= Supplied records =
_ _ _ _ _ _ _

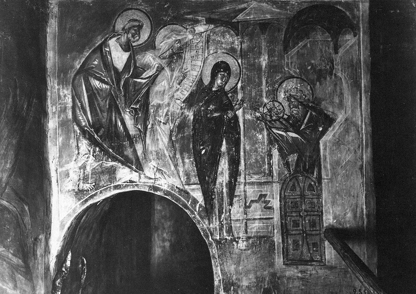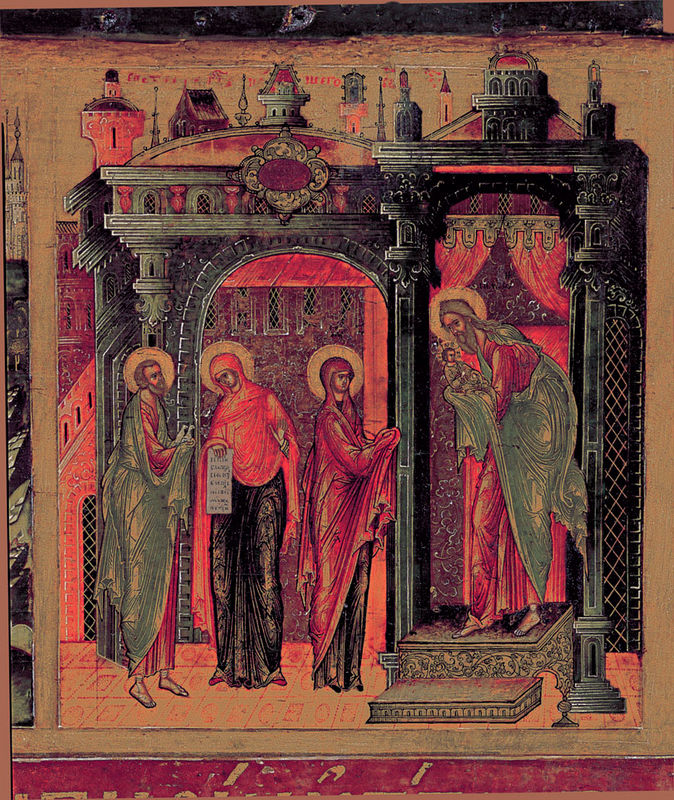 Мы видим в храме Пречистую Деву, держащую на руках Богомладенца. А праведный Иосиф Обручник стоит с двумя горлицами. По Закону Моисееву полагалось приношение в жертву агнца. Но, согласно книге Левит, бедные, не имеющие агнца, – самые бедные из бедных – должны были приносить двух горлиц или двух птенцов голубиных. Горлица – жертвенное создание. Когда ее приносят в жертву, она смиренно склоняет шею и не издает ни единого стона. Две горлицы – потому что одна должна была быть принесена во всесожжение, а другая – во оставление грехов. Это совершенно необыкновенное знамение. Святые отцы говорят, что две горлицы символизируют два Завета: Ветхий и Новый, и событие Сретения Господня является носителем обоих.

_ _ _ _ _ _ _

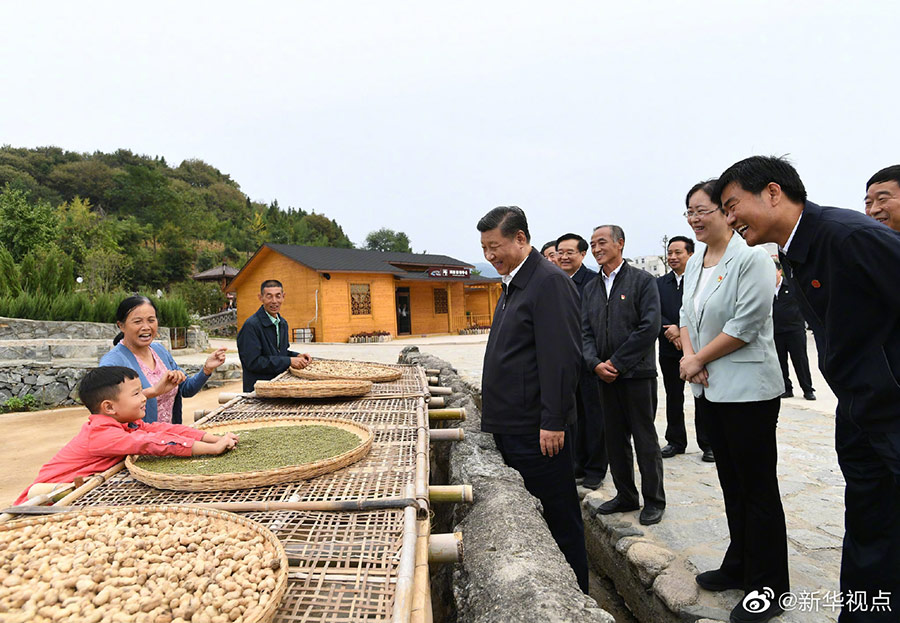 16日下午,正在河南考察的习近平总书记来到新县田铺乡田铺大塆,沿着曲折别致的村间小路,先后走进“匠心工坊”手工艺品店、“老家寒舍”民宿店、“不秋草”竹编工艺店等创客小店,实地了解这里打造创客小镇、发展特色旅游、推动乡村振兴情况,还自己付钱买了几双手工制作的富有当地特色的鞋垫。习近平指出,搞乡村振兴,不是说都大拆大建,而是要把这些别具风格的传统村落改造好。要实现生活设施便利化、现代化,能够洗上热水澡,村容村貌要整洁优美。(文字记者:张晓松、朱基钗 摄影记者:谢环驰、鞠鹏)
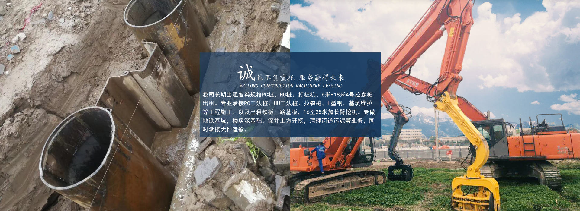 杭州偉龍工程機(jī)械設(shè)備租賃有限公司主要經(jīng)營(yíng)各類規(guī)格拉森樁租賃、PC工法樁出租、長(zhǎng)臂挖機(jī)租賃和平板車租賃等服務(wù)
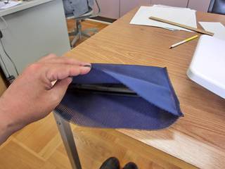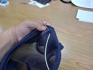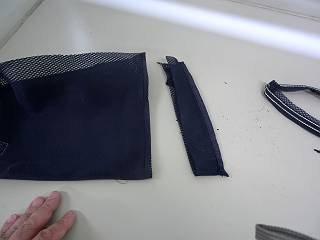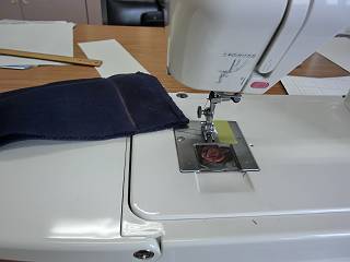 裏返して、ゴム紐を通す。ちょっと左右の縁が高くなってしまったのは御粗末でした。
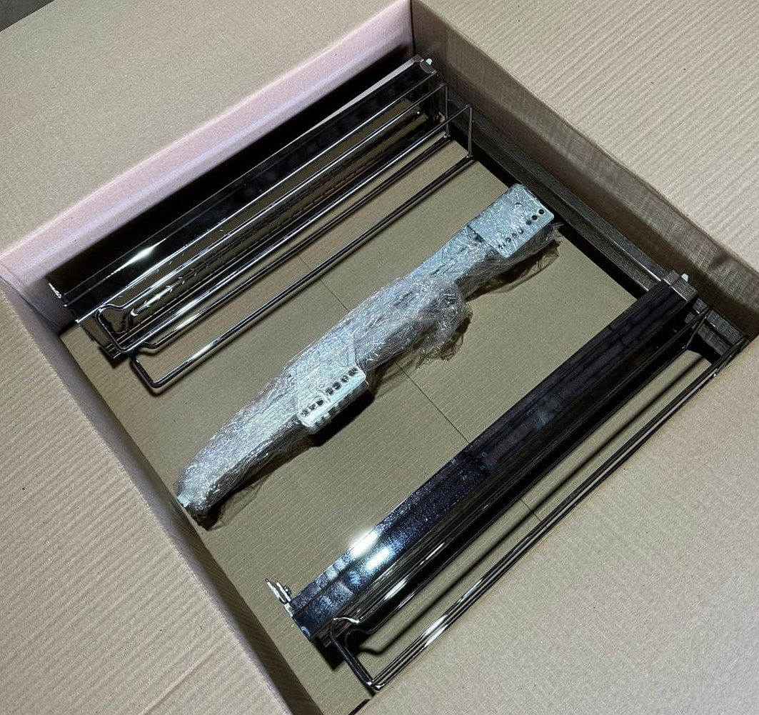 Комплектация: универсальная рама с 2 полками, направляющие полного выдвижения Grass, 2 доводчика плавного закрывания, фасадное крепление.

_ _ _ _ _ _ _

= Assigned task =
Look above for the line with "裏返して、ゴム紐を通す。ちょっと左右の縁が高くなってしまったのは御粗末でした。" and the line with "Комплектация: универсальная рама", then copy exactly the lines from the first through the second, both kept, with no pictures.

= Output below =
 裏返して、ゴム紐を通す。ちょっと左右の縁が高くなってしまったのは御粗末でした。
 Комплектация: универсальная рама с 2 полками, направляющие полного выдвижения Grass, 2 доводчика плавного закрывания, фасадное крепление.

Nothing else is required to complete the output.